WORK TASK
Return only the lines of the data below from the line with "Kreuzanhänger mit Brillanten" up to and including the line with "Mi Fitからは本体内蔵の種目以外のスポーツが選べていましたが、Mi Band", exactly as written, with the pictures omitted.

MATERIAL FOR THE TASK
Segment Open

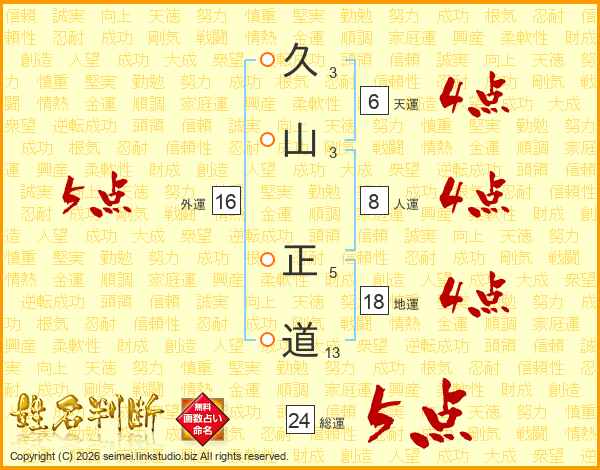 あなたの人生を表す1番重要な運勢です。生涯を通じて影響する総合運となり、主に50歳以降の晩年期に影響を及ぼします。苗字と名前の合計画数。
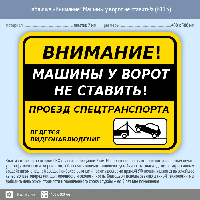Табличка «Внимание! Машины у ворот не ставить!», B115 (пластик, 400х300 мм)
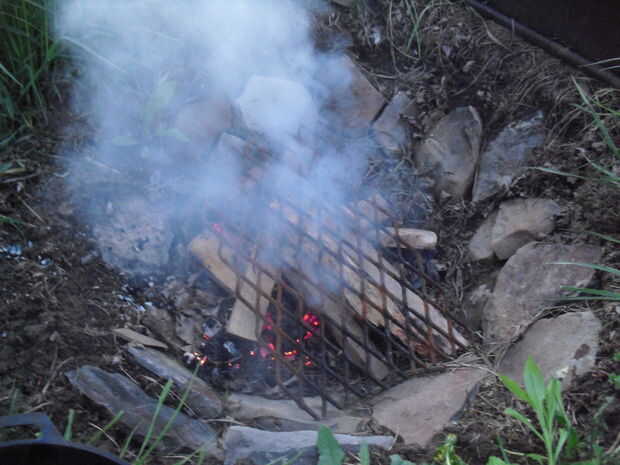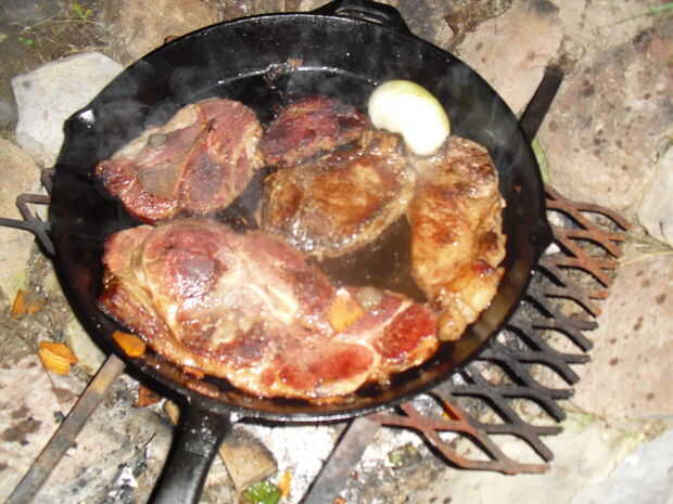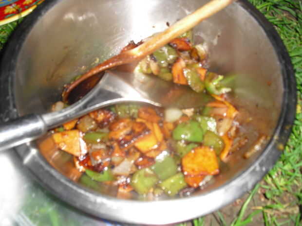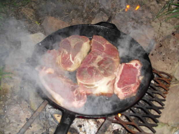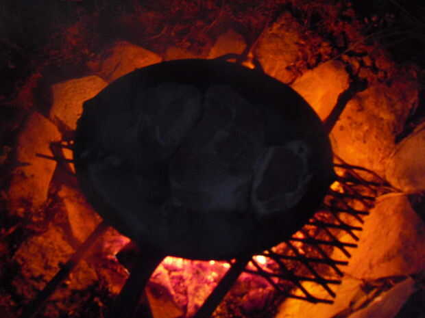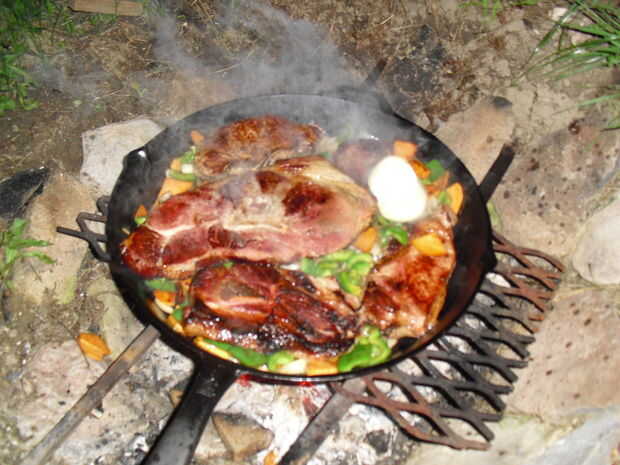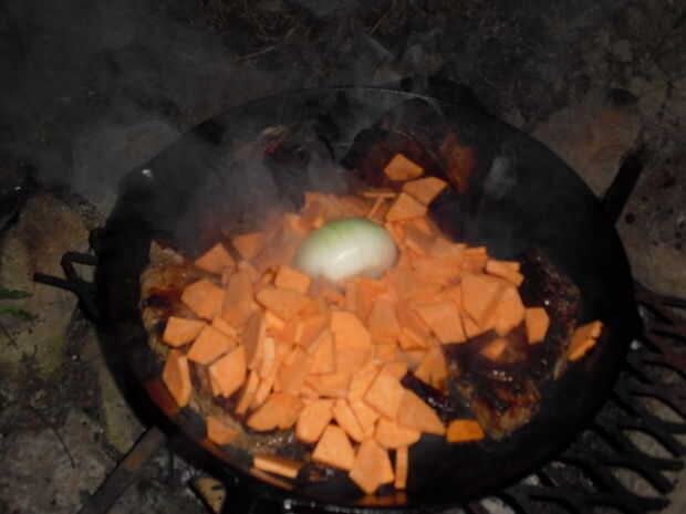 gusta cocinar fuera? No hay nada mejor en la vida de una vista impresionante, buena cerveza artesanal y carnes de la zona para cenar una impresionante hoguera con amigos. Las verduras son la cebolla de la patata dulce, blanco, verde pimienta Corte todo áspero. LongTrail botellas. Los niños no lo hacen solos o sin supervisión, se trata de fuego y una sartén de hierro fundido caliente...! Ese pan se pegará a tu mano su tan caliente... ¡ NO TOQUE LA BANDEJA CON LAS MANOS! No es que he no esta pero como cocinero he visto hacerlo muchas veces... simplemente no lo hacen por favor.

Segment Closed
Segment Open

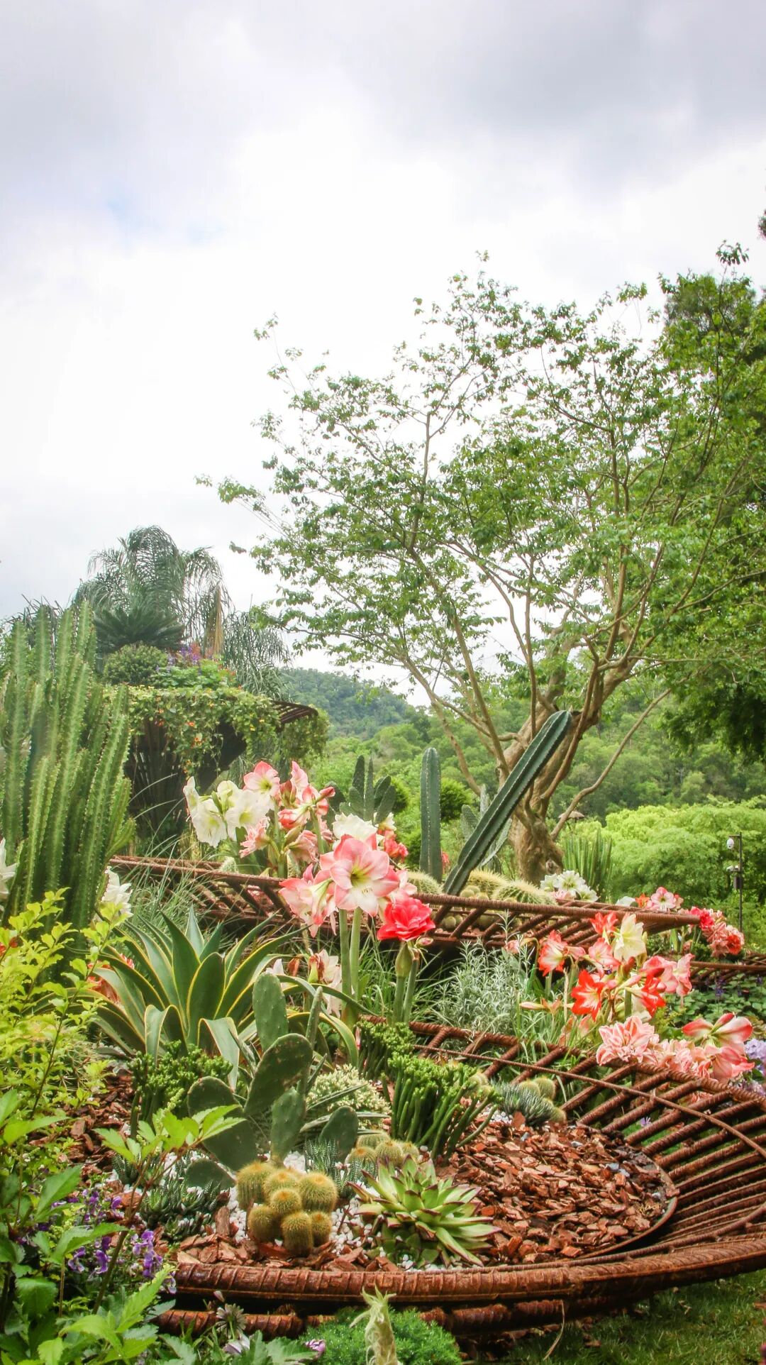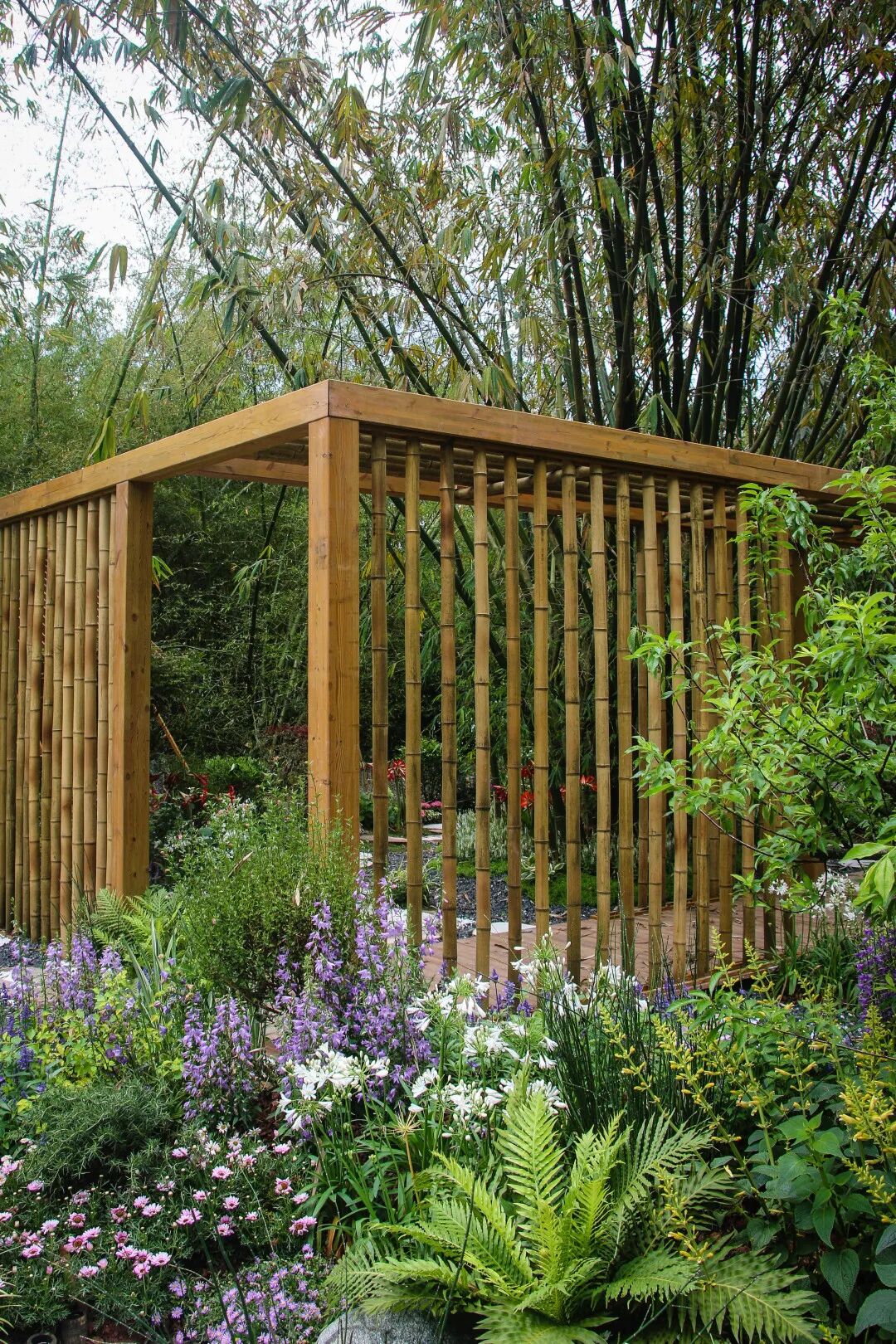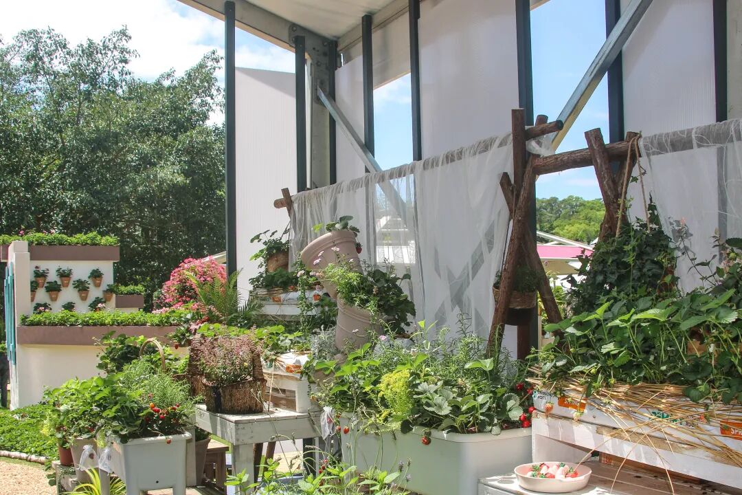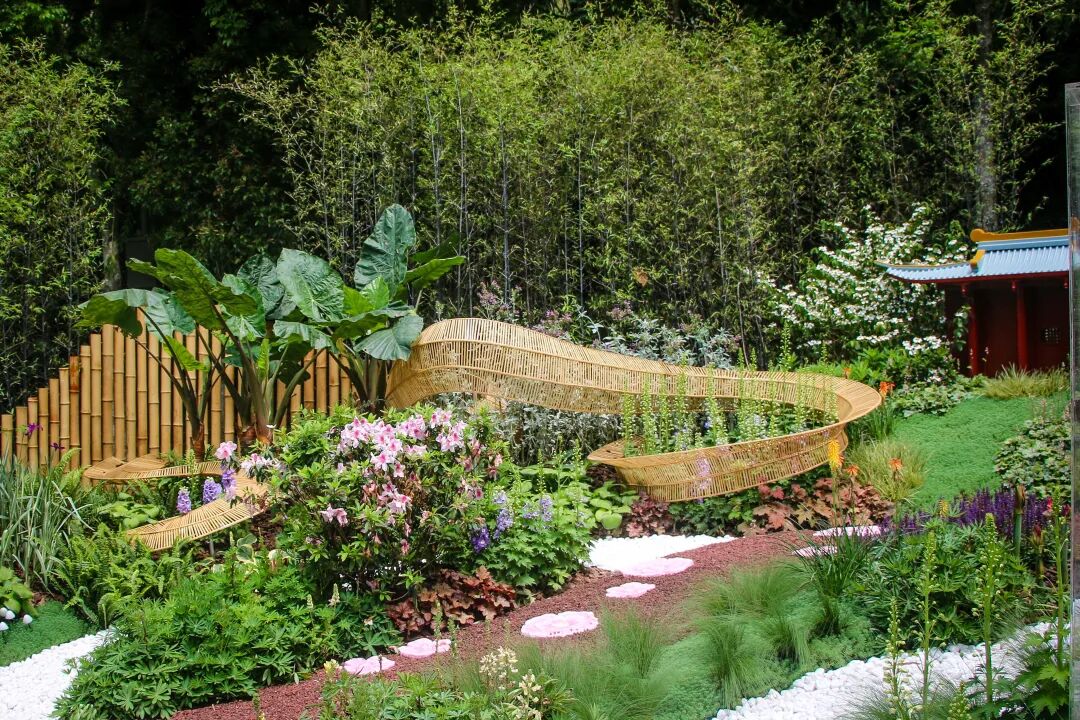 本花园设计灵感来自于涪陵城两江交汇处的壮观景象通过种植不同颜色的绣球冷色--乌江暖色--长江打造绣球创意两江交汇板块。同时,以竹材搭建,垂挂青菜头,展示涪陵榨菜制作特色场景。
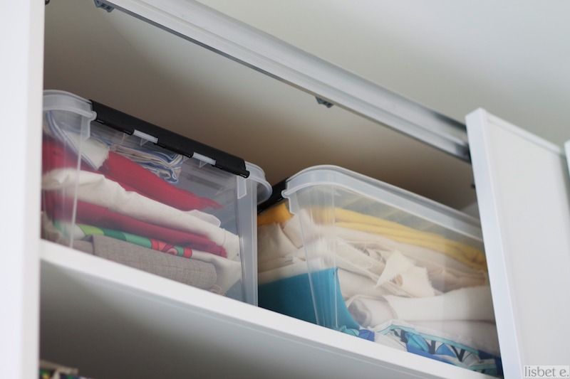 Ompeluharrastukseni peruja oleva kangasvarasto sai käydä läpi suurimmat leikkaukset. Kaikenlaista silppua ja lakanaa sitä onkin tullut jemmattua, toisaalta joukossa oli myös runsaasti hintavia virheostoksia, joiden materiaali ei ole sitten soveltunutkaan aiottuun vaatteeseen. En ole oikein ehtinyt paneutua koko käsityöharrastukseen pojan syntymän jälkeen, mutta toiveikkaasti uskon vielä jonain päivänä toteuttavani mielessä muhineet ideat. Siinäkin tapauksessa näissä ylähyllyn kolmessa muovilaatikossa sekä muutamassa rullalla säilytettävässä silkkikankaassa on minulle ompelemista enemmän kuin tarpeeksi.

Segment Closed
Segment Open

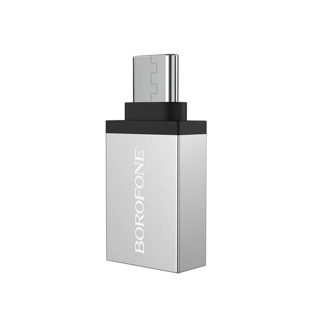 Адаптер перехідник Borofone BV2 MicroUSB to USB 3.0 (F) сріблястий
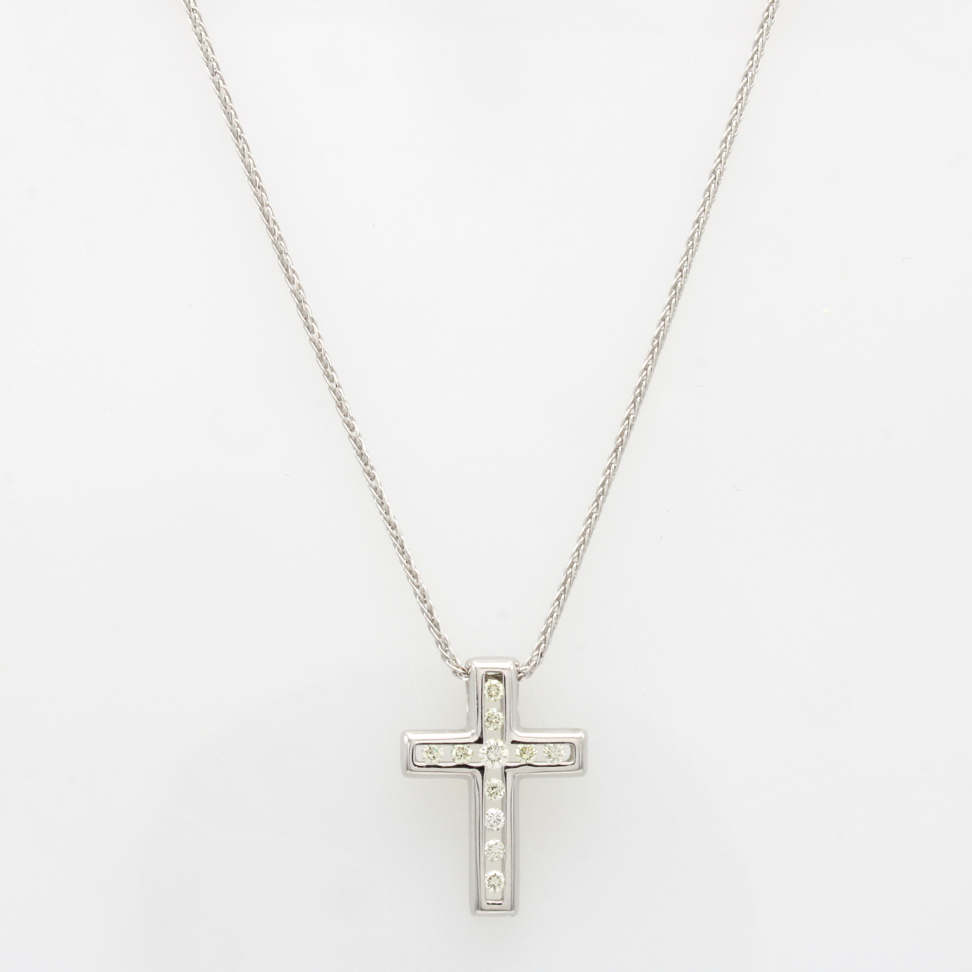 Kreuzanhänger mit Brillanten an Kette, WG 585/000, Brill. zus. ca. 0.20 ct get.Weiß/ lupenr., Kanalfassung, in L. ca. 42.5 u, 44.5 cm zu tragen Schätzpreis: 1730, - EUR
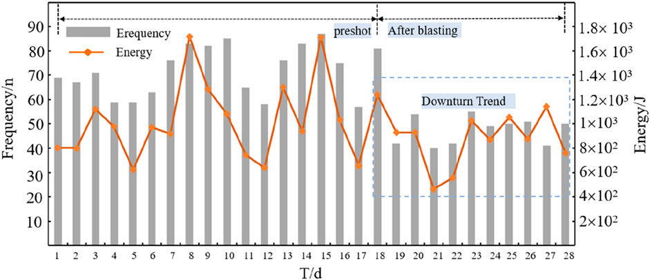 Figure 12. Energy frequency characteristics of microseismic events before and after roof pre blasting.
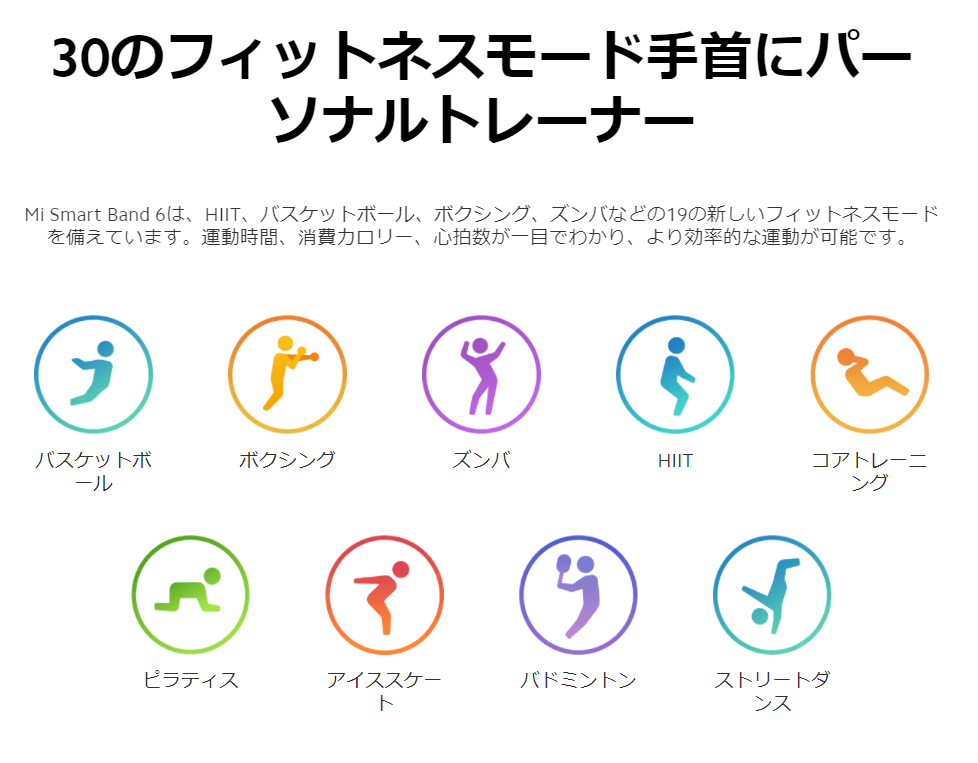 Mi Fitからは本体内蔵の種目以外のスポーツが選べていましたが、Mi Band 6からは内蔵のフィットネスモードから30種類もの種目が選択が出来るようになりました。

Segment Closed

FINISHED EXERCISE
 Kreuzanhänger mit Brillanten an Kette, WG 585/000, Brill. zus. ca. 0.20 ct get.Weiß/ lupenr., Kanalfassung, in L. ca. 42.5 u, 44.5 cm zu tragen Schätzpreis: 1730, - EUR
 Figure 12. Energy frequency characteristics of microseismic events before and after roof pre blasting.
 Mi Fitからは本体内蔵の種目以外のスポーツが選べていましたが、Mi Band 6からは内蔵のフィットネスモードから30種類もの種目が選択が出来るようになりました。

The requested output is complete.